-- RECORDED DATA --
※ ※ ※

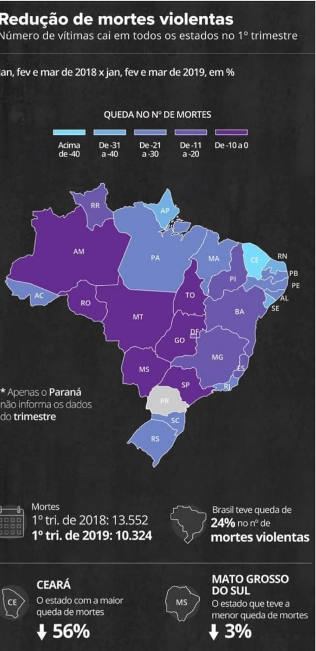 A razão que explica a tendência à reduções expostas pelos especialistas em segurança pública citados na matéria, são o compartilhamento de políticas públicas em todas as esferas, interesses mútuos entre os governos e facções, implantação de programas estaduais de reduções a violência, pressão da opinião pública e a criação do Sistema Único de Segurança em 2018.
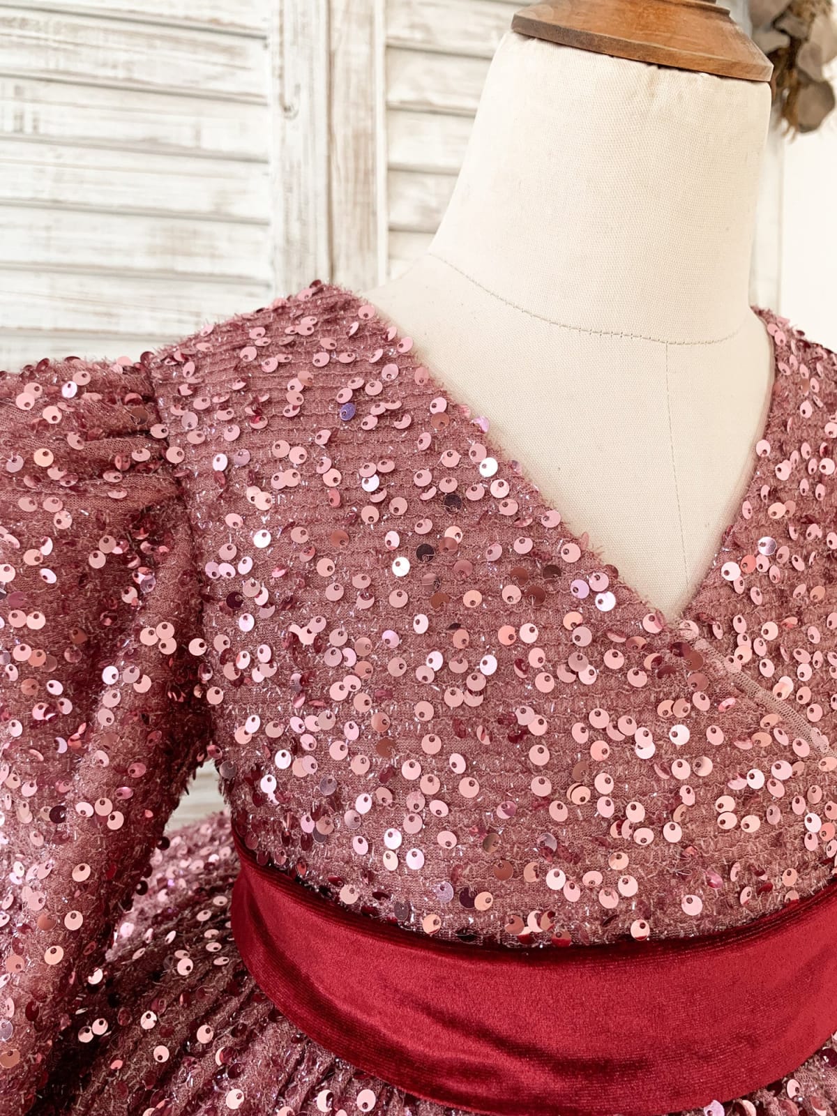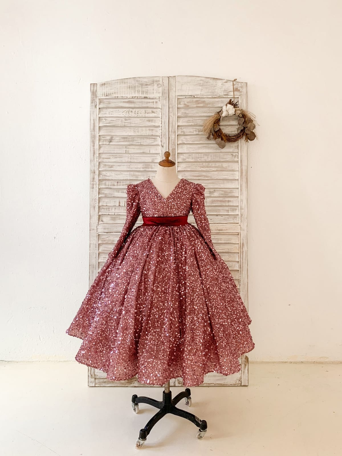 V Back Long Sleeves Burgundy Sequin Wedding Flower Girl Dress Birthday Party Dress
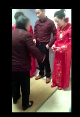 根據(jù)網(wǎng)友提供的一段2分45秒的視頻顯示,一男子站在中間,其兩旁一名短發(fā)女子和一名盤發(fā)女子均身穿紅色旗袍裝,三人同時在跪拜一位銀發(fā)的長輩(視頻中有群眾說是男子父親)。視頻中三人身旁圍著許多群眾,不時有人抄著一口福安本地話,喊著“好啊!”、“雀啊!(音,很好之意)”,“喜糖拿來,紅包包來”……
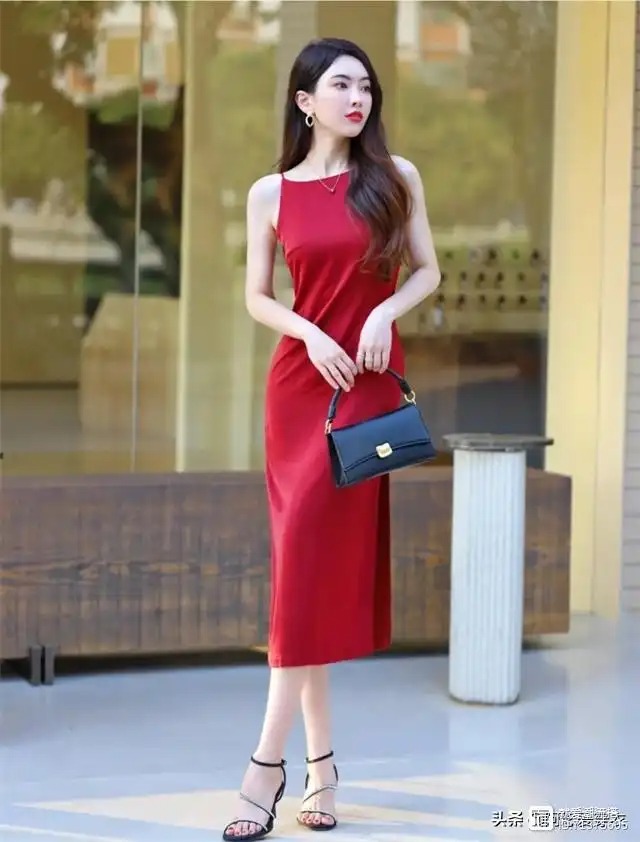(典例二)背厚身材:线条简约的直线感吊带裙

※ ※ ※

-- EXERCISE PROMPT --
Only the lines from the one that holds "根據(jù)網(wǎng)友" through the final line of the material should be reproduced, word for word, with the pictures omitted.

-- RESPONSE BELOW --
 根據(jù)網(wǎng)友提供的一段2分45秒的視頻顯示,一男子站在中間,其兩旁一名短發(fā)女子和一名盤發(fā)女子均身穿紅色旗袍裝,三人同時在跪拜一位銀發(fā)的長輩(視頻中有群眾說是男子父親)。視頻中三人身旁圍著許多群眾,不時有人抄著一口福安本地話,喊著“好啊!”、“雀啊!(音,很好之意)”,“喜糖拿來,紅包包來”……
(典例二)背厚身材:线条简约的直线感吊带裙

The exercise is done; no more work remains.